(Data items)
"""

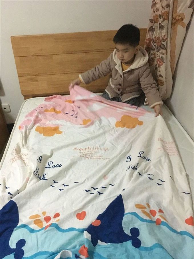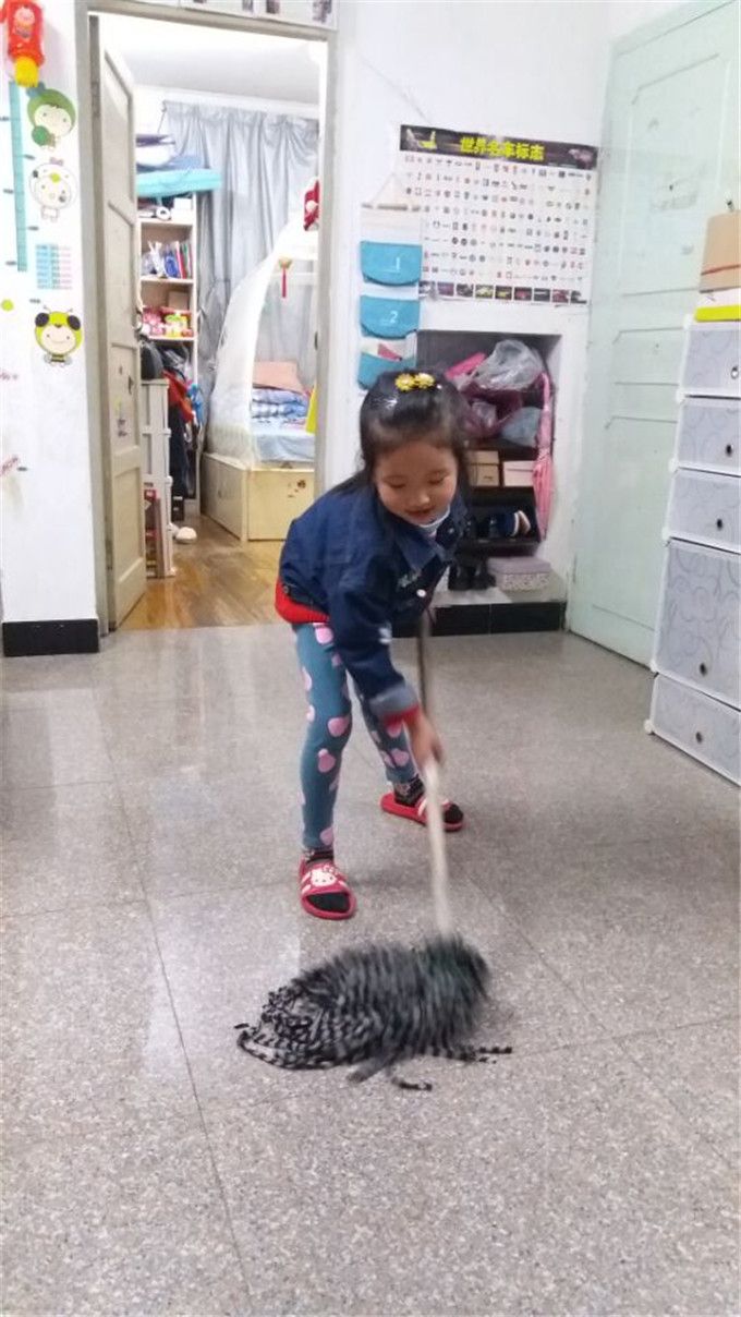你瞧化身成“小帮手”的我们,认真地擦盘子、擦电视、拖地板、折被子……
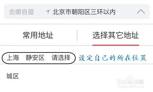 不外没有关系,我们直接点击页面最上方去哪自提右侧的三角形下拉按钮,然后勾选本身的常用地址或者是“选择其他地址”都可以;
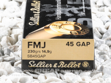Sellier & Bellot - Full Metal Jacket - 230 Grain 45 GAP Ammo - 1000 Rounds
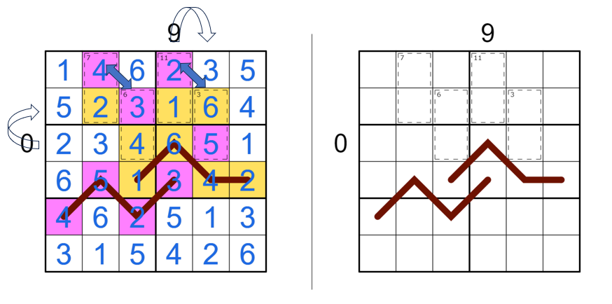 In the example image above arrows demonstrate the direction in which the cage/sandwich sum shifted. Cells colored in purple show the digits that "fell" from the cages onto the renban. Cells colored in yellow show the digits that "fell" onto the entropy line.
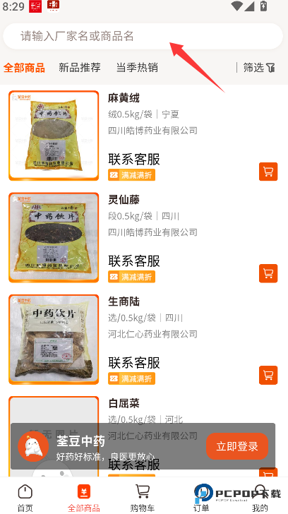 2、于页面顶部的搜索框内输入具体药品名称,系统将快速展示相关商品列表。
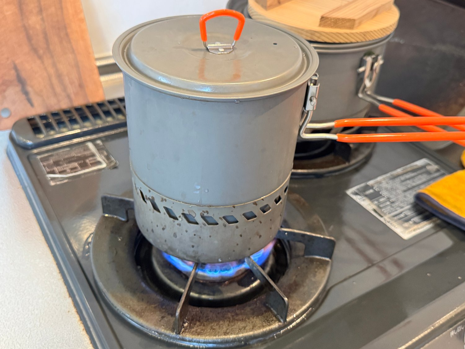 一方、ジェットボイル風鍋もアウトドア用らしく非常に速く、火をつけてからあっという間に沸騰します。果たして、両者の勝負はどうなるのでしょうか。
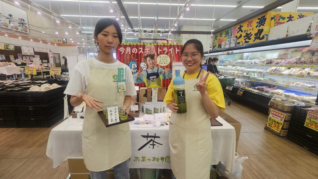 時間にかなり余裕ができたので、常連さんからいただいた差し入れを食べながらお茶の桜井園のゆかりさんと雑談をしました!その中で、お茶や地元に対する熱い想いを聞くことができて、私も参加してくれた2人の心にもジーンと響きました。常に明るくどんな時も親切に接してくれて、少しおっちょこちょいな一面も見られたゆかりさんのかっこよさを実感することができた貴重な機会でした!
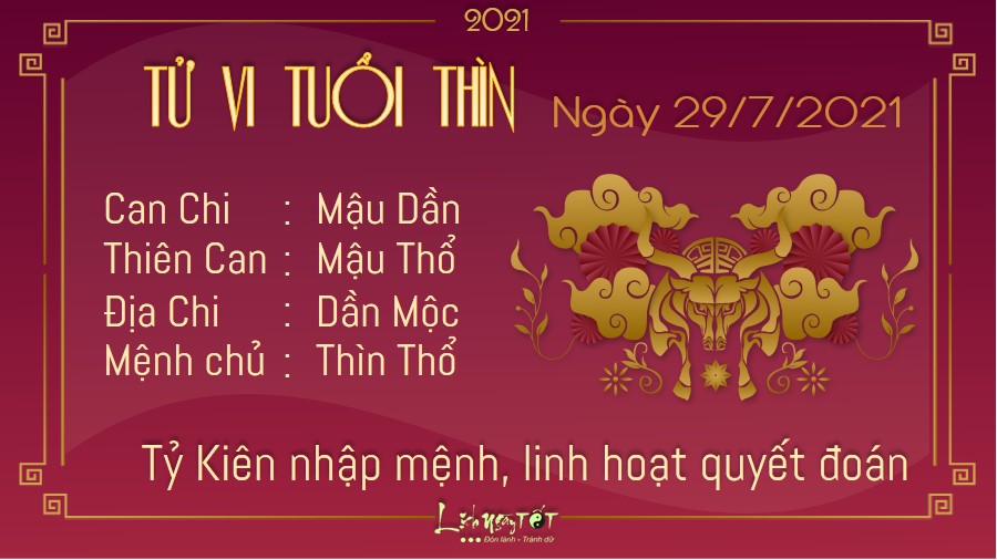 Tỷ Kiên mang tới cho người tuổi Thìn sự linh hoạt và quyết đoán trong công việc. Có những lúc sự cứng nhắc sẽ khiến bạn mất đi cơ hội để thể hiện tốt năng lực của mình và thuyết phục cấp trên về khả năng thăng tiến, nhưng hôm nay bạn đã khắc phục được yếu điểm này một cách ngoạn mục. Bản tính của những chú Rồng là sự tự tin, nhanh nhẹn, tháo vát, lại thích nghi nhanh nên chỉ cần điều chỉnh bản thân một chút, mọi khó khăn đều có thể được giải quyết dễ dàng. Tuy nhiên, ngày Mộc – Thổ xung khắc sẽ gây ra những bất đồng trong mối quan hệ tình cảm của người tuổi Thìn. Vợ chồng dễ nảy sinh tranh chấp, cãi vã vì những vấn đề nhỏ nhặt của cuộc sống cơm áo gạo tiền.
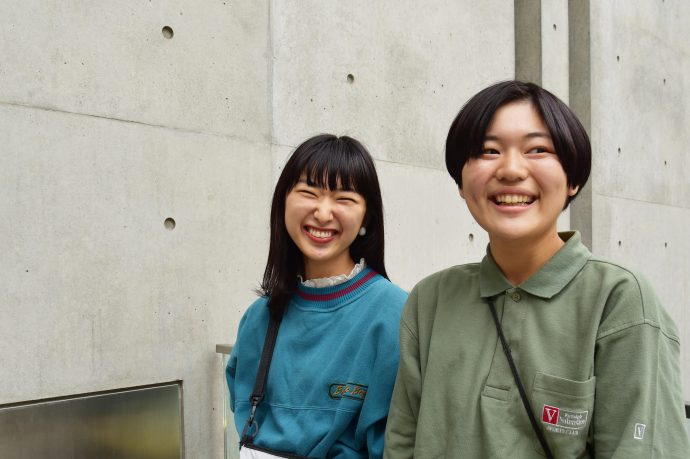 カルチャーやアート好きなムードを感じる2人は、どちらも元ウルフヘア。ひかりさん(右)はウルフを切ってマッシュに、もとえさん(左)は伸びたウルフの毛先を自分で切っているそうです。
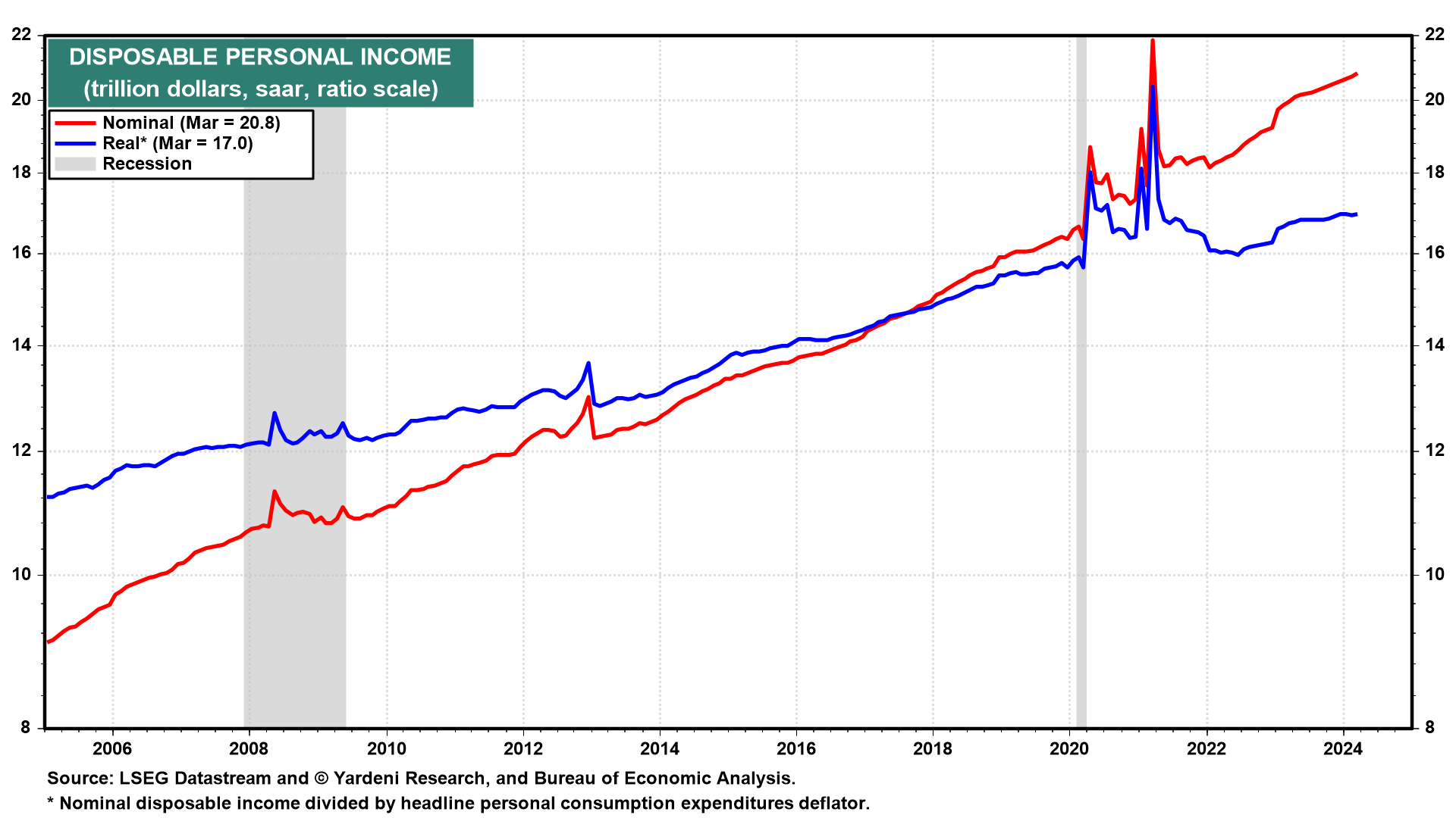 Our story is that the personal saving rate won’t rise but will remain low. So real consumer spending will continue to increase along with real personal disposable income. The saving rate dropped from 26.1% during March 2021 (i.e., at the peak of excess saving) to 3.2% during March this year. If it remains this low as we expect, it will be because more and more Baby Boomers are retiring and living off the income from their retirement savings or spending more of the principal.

"""

**TASK REQUIREMENTS**. Your answer should be an exact copy of the records above, with no pictures in it.

**REPLY TO THE TASK**.
你瞧化身成“小帮手”的我们,认真地擦盘子、擦电视、拖地板、折被子……
 不外没有关系,我们直接点击页面最上方去哪自提右侧的三角形下拉按钮,然后勾选本身的常用地址或者是“选择其他地址”都可以;
Sellier & Bellot - Full Metal Jacket - 230 Grain 45 GAP Ammo - 1000 Rounds
 In the example image above arrows demonstrate the direction in which the cage/sandwich sum shifted. Cells colored in purple show the digits that "fell" from the cages onto the renban. Cells colored in yellow show the digits that "fell" onto the entropy line.
 2、于页面顶部的搜索框内输入具体药品名称,系统将快速展示相关商品列表。
 一方、ジェットボイル風鍋もアウトドア用らしく非常に速く、火をつけてからあっという間に沸騰します。果たして、両者の勝負はどうなるのでしょうか。
 時間にかなり余裕ができたので、常連さんからいただいた差し入れを食べながらお茶の桜井園のゆかりさんと雑談をしました!その中で、お茶や地元に対する熱い想いを聞くことができて、私も参加してくれた2人の心にもジーンと響きました。常に明るくどんな時も親切に接してくれて、少しおっちょこちょいな一面も見られたゆかりさんのかっこよさを実感することができた貴重な機会でした!
 Tỷ Kiên mang tới cho người tuổi Thìn sự linh hoạt và quyết đoán trong công việc. Có những lúc sự cứng nhắc sẽ khiến bạn mất đi cơ hội để thể hiện tốt năng lực của mình và thuyết phục cấp trên về khả năng thăng tiến, nhưng hôm nay bạn đã khắc phục được yếu điểm này một cách ngoạn mục. Bản tính của những chú Rồng là sự tự tin, nhanh nhẹn, tháo vát, lại thích nghi nhanh nên chỉ cần điều chỉnh bản thân một chút, mọi khó khăn đều có thể được giải quyết dễ dàng. Tuy nhiên, ngày Mộc – Thổ xung khắc sẽ gây ra những bất đồng trong mối quan hệ tình cảm của người tuổi Thìn. Vợ chồng dễ nảy sinh tranh chấp, cãi vã vì những vấn đề nhỏ nhặt của cuộc sống cơm áo gạo tiền.
 カルチャーやアート好きなムードを感じる2人は、どちらも元ウルフヘア。ひかりさん(右)はウルフを切ってマッシュに、もとえさん(左)は伸びたウルフの毛先を自分で切っているそうです。
 Our story is that the personal saving rate won’t rise but will remain low. So real consumer spending will continue to increase along with real personal disposable income. The saving rate dropped from 26.1% during March 2021 (i.e., at the peak of excess saving) to 3.2% during March this year. If it remains this low as we expect, it will be because more and more Baby Boomers are retiring and living off the income from their retirement savings or spending more of the principal.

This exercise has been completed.